El invitado parecía ansioso por devolverle el favor al señor Kaneda.
Bien, bien. El complot ya iba tomando forma. Y pensar que esa mañana había salido a dar una vuelta simplemente porque el tiempo era fantástico. Desde luego, no esperaba encontrarme con semejantes tejemanejes. Me ocurrió lo mismo que a quienes van a visitar un templo budista el día de los muertos, y son invitados inesperadamente por el monje a comer pasteles de arroz rellenos de mermelada de judías en una degustación privada. Me preguntaba qué clase de ayuda iban a solicitar los Kaneda de ese invitado, que a la luz de los acontecimientos más bien parecía un simple empleado, así que estiré mis orejas todo lo que pude para no perder detalle.
—No me pida qué le explique cómo, pero ese chalado de Kushami sigue inoculando prejuicios en la cabeza de Kangetsu para que no se case con nuestra hija —dijo el señor Kaneda mientras se giraba hacia su mujer.

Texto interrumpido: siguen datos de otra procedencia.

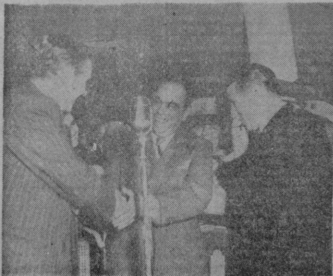
La Habana. — El Presidente depuesto de Venezuela, Romulo Gallegos, saluda al Presidente de la República de Cuba, señor Prío Socarras, durante la conmemoración de un acto patriótico en la capital cubana.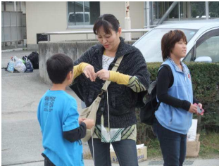
巻き方が大事なんだよ！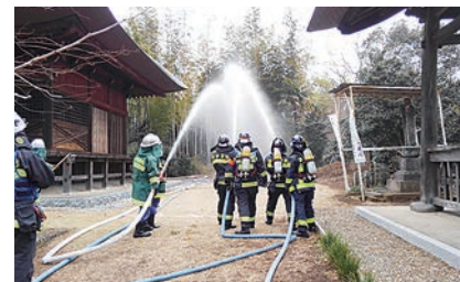
東漸寺での消防訓練の様子(令和2年)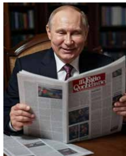
Vignetta realizzata dall'autore

L'anno successivo la Russia interviene anche nel conflitto in Siria, per supportare direttamente il regime di Assad che i ribelli stavano tentando di rovesciare. I combattimenti ed il numero di morti, anche per via dell'impiego di gruppi di mercenari, è da quel momento salito a dismisura. Circa la metà dei 600.000 morti fatti registrare dalla guerra civile che era esplosa nel 2011, sono da attribuire ai bombardamenti e agli attacchi coordinati via terra delle forze lealiste oltre che delle truppe e dell'aviazione di Mosca. Le atrocità com-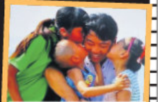
BELONING: Kinders moet gehoor en gesien word.

"Die verskil was dat sy – hoe goed ook al bedoel – altyd 'n oplossing voorgestel of hom gekritiseer het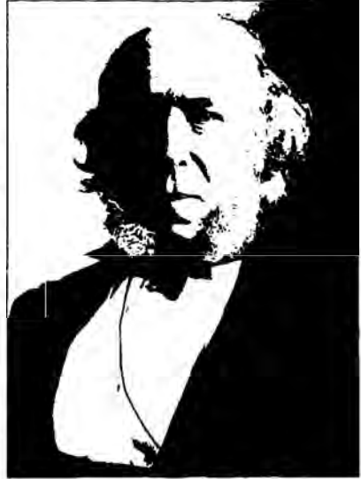
Devletin kötü ve baskıcı olduğunu, yoksulların durumunun ise kendilerinden kaynaklandığını söyleyerek reformculuğa karşı çıkan Herbert Spencer'in (1820-1903) görüşleri Durkheim dahil birçok toplumbilimciyi etkilemiştir.

için koşulların iyileştirilmesi amacıyla önerilen her türlü reforma, örneğin fabrika koşullarının sağlığa uygun hale getirilmesi, ilaç ve gıda standartları konması, zorunlu eğitim, sosyal yardım, vb. reformlara karşı çıkmasına yol açtı. Spencer'in yaklaşımının ardında, sosyal Darwinist görüşleri yatıyordu; yoksullar yeteneksiz, zayıf, basiretsiz ve tembeldi, dolayısıyla hayatta kalma mücadelesinde yenik düşmeye mahkûmdular. Bu, doğanın yasasıydı. Devlet müdahalesi her zaman zararlıydı ve doğa yasalarıyla oynanması anlamına geliyordu: "Devlet müdahalesi, ıstırabı azaltmak yerine sonuçta onu arttırır. Hayatta kalmaya hiç uygun olmayanların sayısını çoğaltır ve sonuç olarak hayatta kalmaya en uygun olanların çoğalmasını önler ve onlar için gerekli olan alanı daraltır!" Bu anlayışın izleri, 20. yüzyılın ortalarında neo-klasik liberalizmin yeni yükselişinde yer yer yankılansa da, bugün artık bu tür sosyal Darwinist iddialar kolayca öne sürülememektedir.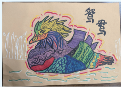
北城小学二(27)班 郭修琦 指导老师 姜楠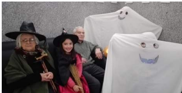
Atividade Intergeracional - Comemoração do Halloween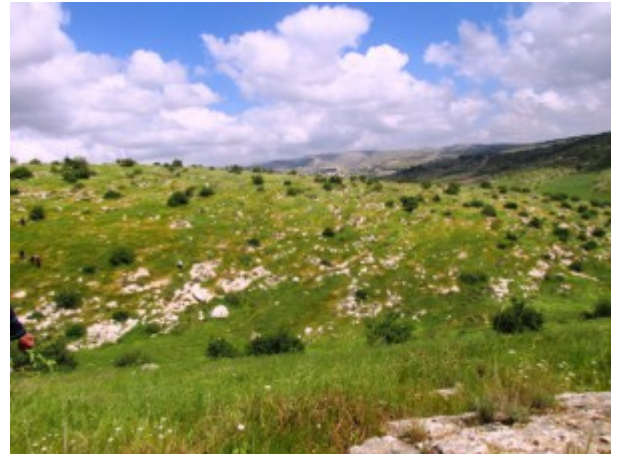
גבעת מרשם מימין - מראה כללי. צילם: גדי פולק ©; משמאל - מרבדים של מלעניאל מצוי. צילם: עוזי פז © להגדלה - לחצו על התמונות

—Oh, ya veo. ¿Eso es lo que le insinúa?
—Insinuar no es la palabra adecuada —dijo el señor Kaneda con un súbito mal genio—. Cito sus palabras textuales: «Nadie en su sano juicio se casaría con la hija de ese engendro. Simplemente no debes casarte con ella». Eso es lo que dijo, ni más ni menos.
—¡No puede ser! ¿De verdad tuvo la desfachatez de llamarme «engendro»? ¿Se atrevió a llegar tan lejos? —se indignó la mujer.

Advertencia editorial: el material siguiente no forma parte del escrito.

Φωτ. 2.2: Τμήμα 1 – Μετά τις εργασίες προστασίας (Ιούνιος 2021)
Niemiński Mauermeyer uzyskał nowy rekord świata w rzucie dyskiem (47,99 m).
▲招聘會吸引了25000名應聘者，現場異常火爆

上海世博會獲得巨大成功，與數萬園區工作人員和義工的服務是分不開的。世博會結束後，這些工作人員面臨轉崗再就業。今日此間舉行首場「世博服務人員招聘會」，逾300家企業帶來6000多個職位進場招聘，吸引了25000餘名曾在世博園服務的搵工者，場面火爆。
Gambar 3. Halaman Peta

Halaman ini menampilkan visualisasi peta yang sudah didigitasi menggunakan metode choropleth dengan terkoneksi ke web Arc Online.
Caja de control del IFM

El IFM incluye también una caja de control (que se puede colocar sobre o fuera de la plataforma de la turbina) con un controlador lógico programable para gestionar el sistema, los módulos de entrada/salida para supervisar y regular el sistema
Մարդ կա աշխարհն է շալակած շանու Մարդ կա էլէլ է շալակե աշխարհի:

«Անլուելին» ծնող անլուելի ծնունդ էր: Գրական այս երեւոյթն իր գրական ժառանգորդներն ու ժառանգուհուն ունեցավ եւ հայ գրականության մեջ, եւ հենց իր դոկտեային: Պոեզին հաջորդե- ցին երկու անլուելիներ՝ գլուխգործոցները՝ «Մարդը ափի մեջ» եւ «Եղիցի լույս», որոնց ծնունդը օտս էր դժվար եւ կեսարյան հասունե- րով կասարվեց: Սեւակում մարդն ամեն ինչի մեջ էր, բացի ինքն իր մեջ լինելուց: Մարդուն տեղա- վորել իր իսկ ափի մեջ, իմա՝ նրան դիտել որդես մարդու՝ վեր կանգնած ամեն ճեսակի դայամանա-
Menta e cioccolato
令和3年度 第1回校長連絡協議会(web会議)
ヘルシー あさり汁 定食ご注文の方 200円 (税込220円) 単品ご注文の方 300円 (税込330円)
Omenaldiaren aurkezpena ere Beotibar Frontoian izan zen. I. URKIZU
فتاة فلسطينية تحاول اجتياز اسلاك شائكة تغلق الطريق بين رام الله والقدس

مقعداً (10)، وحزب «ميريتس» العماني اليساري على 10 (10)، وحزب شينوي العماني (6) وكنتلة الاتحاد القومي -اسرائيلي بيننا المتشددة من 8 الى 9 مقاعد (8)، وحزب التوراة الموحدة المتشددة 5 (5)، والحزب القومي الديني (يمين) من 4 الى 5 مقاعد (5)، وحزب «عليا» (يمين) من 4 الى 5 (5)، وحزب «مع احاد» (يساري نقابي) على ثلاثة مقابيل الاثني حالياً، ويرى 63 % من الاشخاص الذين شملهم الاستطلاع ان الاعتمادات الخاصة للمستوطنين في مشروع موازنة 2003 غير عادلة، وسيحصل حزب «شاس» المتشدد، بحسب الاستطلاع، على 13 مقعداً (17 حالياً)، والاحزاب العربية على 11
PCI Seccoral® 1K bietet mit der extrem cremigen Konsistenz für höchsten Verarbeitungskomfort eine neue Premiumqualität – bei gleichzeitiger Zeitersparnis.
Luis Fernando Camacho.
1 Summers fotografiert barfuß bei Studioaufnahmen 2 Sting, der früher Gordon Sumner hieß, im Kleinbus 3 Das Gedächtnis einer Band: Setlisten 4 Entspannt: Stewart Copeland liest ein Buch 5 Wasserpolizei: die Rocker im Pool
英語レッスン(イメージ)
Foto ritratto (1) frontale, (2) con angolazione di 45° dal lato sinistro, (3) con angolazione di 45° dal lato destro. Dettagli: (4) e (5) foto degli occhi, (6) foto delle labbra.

—Tal como te lo cuento. La mujer del cochero vino expresamente a decírmelo.
—Bueno. Ya ve, señor Suzuki. Ese señor Kushami se está convirtiendo en un verdadero obstáculo para nuestros intereses, ¿no cree?

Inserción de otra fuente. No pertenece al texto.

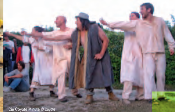
Cie Coyote Minute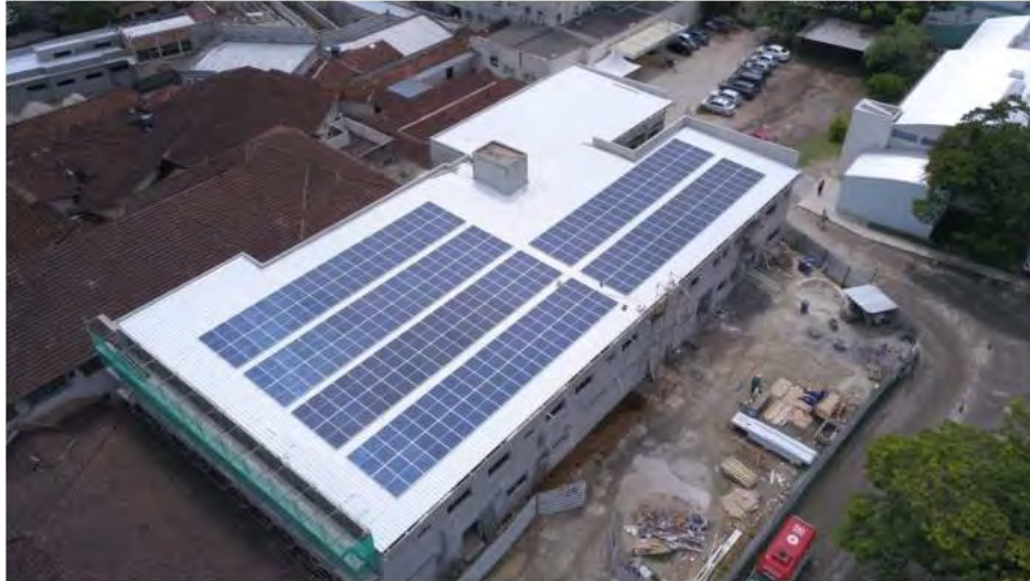
Placas solares instaladas nos novos leitos construídos no hospital

São 240 placas que transformam luz do sol em energia e são ecologicamente corretas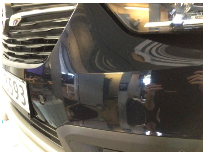
1.2 Noe steinsprut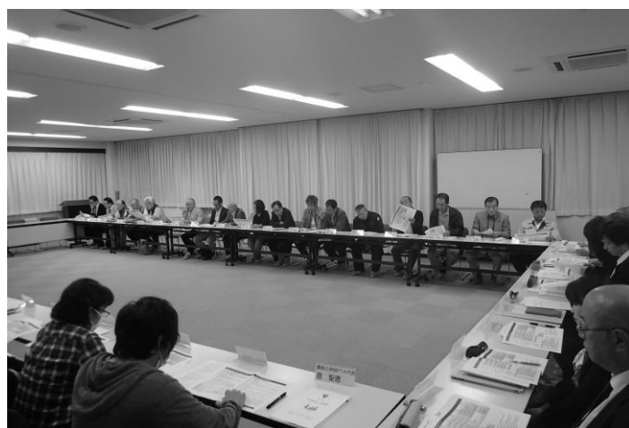
45名による第1回協議会の様子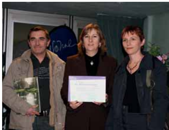
La commune a décroché la 2 e fleur au concours départemental des villes et

En obtenant les 2 fleurs du concours départemental des villes fleuries et en décrochant, pour la 2 e année consécutive, le Trophée Fleur Verte, notre commune conserve son rang.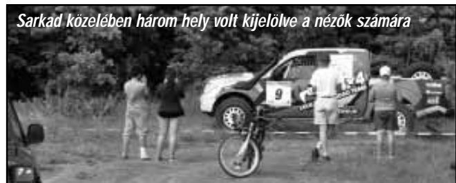
Sarkad közelében három hely volt kijelölve a nézők számára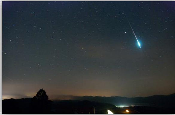
Vir: Boste opazovali zvezdne utrinke? www.dolenjskilist.si

Kaj me zanima? Kaj lahko raziskujemo? Kako je povezano? Ali se strinjam...? Kaj pa, če bi...?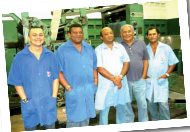
Turma que imprime o Diário Oficial de Estado

O trabalho de todas as equipes que atuam na Imprensa Oficial do Estado é muito importante para o desenvolvimento das atividades que tornam a autarquia tão importante para a administração pública.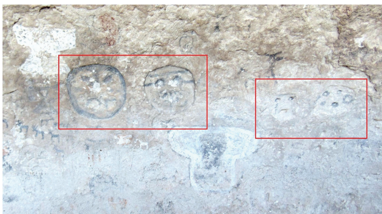
Figura 5. Representaciones de rostros/mascariformes pictograbados de HH

También se han identificado un grupo de motivos que comprenden la representación de dos pares de rostros/mascariformes pictograbados que, por el momento, preferimos asociar a este lapso a partir de argumentos de base comparativa: primero, que la representación de rostros humanos o mascariformes conforma uno de los temas rupestres característicos del Formativo del NOA (Aschero, 1996, 1999, Martel, 2004) y, segundo, que la ocurrencia de a pares ha sido registrada también en la quebrada de Miriguaca, en ANS (Martel y Escola, 2011), lo cual establece otro nuevo posible vínculo entre las poblaciones a uno y otro lado del área internodal del volcán Galán (figura 5).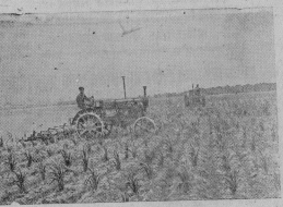
Московский область. В сельскохозяйственной местности Москва. Раменского района багровые виноградники удачи и повышения производительности животноводства. Стремясь обеспечить на нынешнем году толщину курорта, колхозники засеяли в вышем году толщину курорта на срок 3 гектара. На первом: культурная культура, поощряющая сельхозтовариществом сависово.

—Работники Гусевского МТС должны говорить в уборке. Шерков — говорит в своем выступлении директор этой МТС т. Шерков. — Все колхозы в основном готовы к выхodu на уборку. Укомплектованы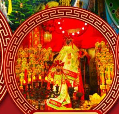
วัดเจ้าแม่กวนอิม ฮ่องกง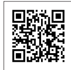
ケータイで見られます▼

託児希望の方：各日の1週間前まで(土・日・祝を除く8:30～17:15)に、下記へお申し込みください。(無料・小学生未満のお子さん・各日10人まで)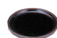
6-822-19 M-8-26 [A] 8寸多用皿 黒内銀渦 ¥2,000 (24.3φ×3.8) 梱80

—Lo suyo es extremadamente irritante. Nadie puede entrometerse en los arreglos matrimoniales de una familia tan formal como la suya. Incluso un cabeza de chorlito como Kushami debería saber eso. De veras, todo esto sobrepasa mi entendimiento.
—En sus días de estudiantes, ustedes compartieron piso y parece que fueron amigos, por mucho que las cosas hayan cambiado hoy en día. Lo que nos gustaría es que hablase con él para tratar de hacerle entrar en razón. Puede que se sienta ofendido, pero si es así, será exclusivamente culpa suya. Si entra en razón, le ayudaré gustosamente con sus asuntos y, por supuesto, dejaremos de molestarle. Pero si sigue en sus trece como hasta ahora, encontraré la forma de resarcirme. Resumiendo, ha de convencerle de que no le merece la pena seguir siendo tan obstinado.
—Hum, ya veo. Tiene usted mucha razón. Sería una idiotez por su parte seguir siendo tan cabezota. No le aportaría ningún beneficio y sí graves inconvenientes. Haré cuanto esté en mi mano para hacer que entienda el mensaje.
—Una cosa más. Como hay otros muchos pretendientes para nuestra hija, no podemos hacer ninguna promesa firme de entregársela finalmente a Kangetsu, pero puede sugerirle que si estudia duro y obtiene su doctorado en un futuro próximo, podrá conservar sus opciones.